- TASK PROMPT
The material below contains a line with "收场4连败,传射立功的索博斯洛伊社媒晒照庆祝:咱们记忆了!" and a line with "Михаил Горбачев с". Copy exactly those two lines and all lines between them.
*** DATASET ***
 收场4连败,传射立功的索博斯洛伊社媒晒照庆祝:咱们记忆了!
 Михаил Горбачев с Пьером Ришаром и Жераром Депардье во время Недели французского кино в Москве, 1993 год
*** End of DATASET ***
*** DATASET ***
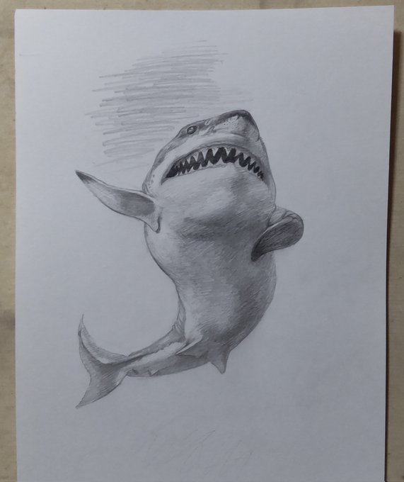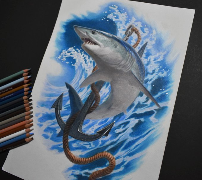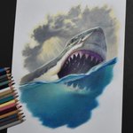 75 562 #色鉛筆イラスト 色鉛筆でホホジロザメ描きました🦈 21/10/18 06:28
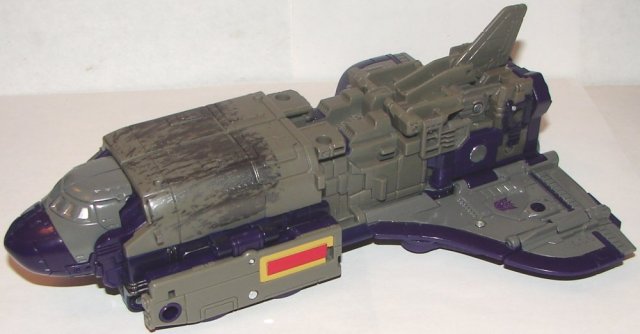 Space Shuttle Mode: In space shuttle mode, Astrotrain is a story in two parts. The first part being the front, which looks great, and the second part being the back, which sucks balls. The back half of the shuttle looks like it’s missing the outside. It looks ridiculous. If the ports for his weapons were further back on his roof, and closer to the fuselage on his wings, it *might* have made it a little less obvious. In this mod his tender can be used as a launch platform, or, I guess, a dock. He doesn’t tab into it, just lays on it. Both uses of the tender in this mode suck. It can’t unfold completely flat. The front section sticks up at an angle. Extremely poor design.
*** End of DATASET ***
- EXERCISE RESULT
 收场4连败,传射立功的索博斯洛伊社媒晒照庆祝:咱们记忆了!
 Михаил Горбачев с Пьером Ришаром и Жераром Депардье во время Недели французского кино в Москве, 1993 год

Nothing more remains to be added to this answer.